Nobody really went to the funeral. Not anyone related to him, anyway. It was mostly just… people like me. The father had invited us there. First victims. Comic relief characters. Final girls. We were the only people the killer knew. The tools in his toolbox, the cogs in his artistic machine. Maybe it would be more accurate to call us paints on his canvas. He did treat us well. I even liked my time working for him. I hated that this was how it all wound up. I had a thought then, you know- that this was the absolute worst way it could have ended.

I was wrong.

“Sara?”

He recognized me, not as who I was- but as the character I had once portrayed for him all those years ago.

“Mike…”

It looked like he was wearing dead skin. I wanted to throw up just looking at him, even before the smell hit me. We were all alone- just behind the building the service was taking place in- I’d been crying. I don’t know why I felt so bad for him. I'd told myself I was just wishing I’d never met him. That he’d never cursed me and ruined my life even before he died.

But he never did die, and now all I felt was terror.

“You’re alone. Where is everyone?”

My eyes darted down to the weapon in his dirt-covered hands- a rusty shovel.

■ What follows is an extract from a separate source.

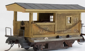
2nd Place (tie) - Scratch Built Steve Zapytowski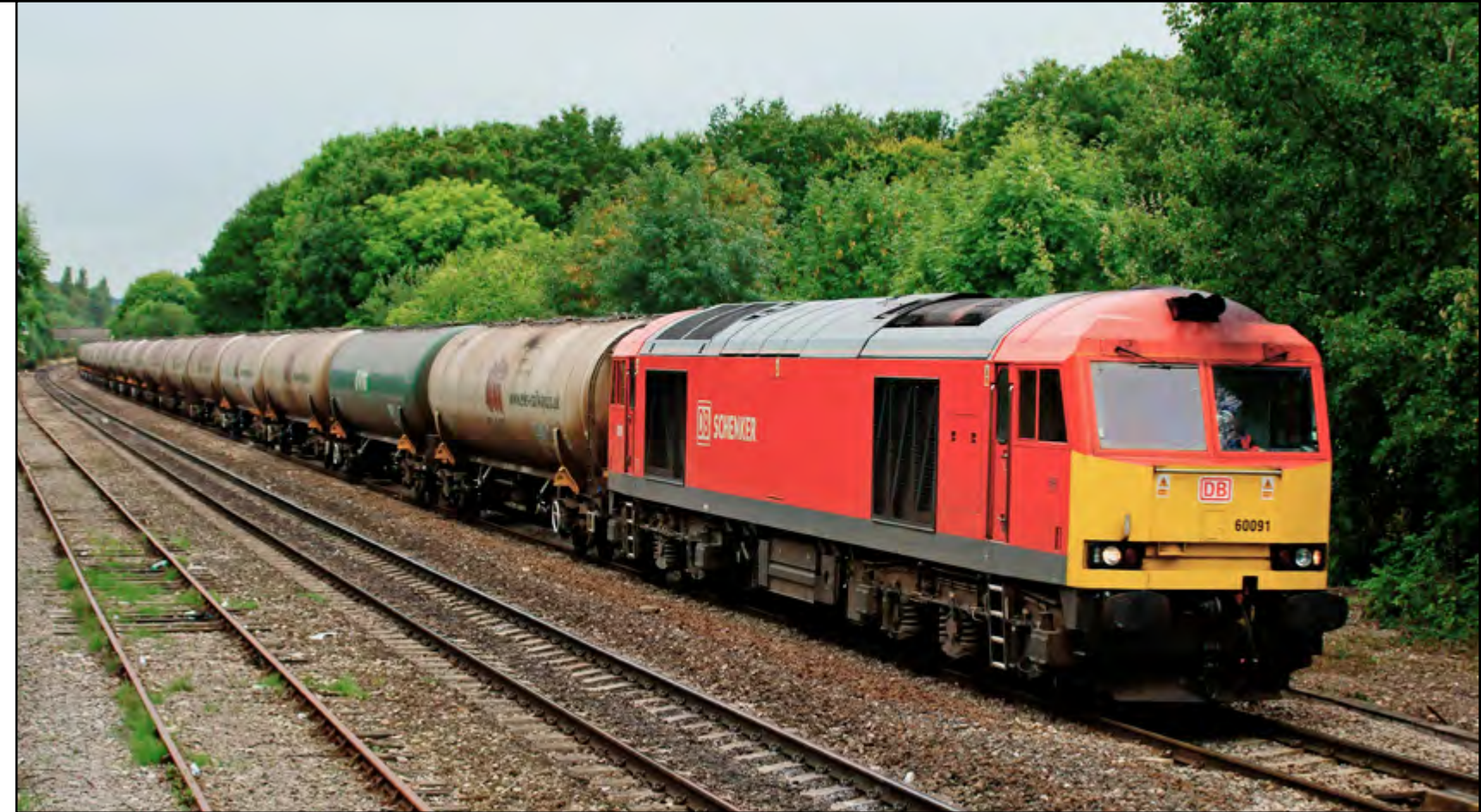
Above: Class 60 091 working the 6E41 Westerleigh - Lindsey heads through Cheltenham on September 26th. Lewis Mitchell

I started to laugh. Had he dug himself out of the grave? This was ridiculous.

“Where are they, Sara? Where are my victims?”

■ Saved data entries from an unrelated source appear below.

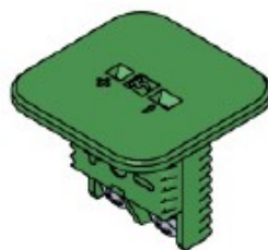
Square Insert Back mounted with brass nut and spring set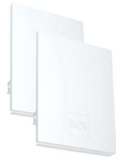
Metal cover. Suspension Up & Down. 70 mm (Colour Anodized Grey) 08.9057.02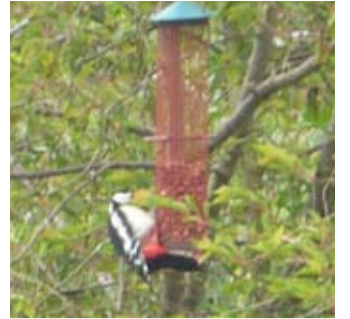
A great spotted woodpecker, on a nut feeder in my garden.

Core the apple (but don't throw the core away).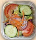
Small Tossed Salad 92095 12/6oz

MULTI-PACK Assorted Salad Case (4 Caesar, 4 Garden, 4 Greek) 92099 12/6oz

My choking laughter turned to cold silence. Which was he talking about? The ones he really killed, or the people inside..? I couldn't tell him.

“They’re gone you fucking murderer!”

I didn’t know what came over me. I bashed my hands into his chest. He looked surprised. Something in his innocent eyes told me he didn’t want to hurt me.

I wanted to hurt him. He took everything from me.

“I just want to show them- I’m real now- America's first slasher!”

I ignored his every word as I ran to the nearest wall. A lone broken brick on the ground came into my hand all on its own.

“Aren’t you proud of me…?”

“I’m gonna kill you.” I lifted the heavy concrete cube, egging myself to do it. I knew it was wrong, but I could feel the audience’s eyes on me. He was already dead anyway, right…? It was about time I set the script straight.

“I’m not going to hurt you. I couldn’t do that, you’re the final girl.”

“I’m the one who’s going to fucking kill you!” I stepped forth- then back again. He chuckled.

“Oh.” The boy smiled under his ragged cloak of violence. “I guess that’s right, isn’t it…”

I shuddered, working up the nerve to smash his skull as he smirked at me.

“It’s okay. You can kill me this time. I’ll be back to finish you in the sequel.”

“Die!” I charged at him with the brick, but his words were already starting to hit me as I swung it down onto his forehead.


I stared at his newly-dead body, and fell to my knees. For a split second, as polka-dot blood drained from his head... I felt free.

I ran away then. As far as I could go. I didn’t want to think about what happened. And then, that night, in my childhood bed, it hit me.


If he could come back once… what’s to say he couldn’t do it again?


I cried myself to sleep that night. And the same would ring true for every sunset from then on till now.

As I write this I know there is no escaping him. Whether I live to see it or not, Mike Murderhead, my director- will come back for me. And no matter what I do- no matter what I try- I will never forget that fact.

Despite leaving me alive, he has stolen what little life I still had left.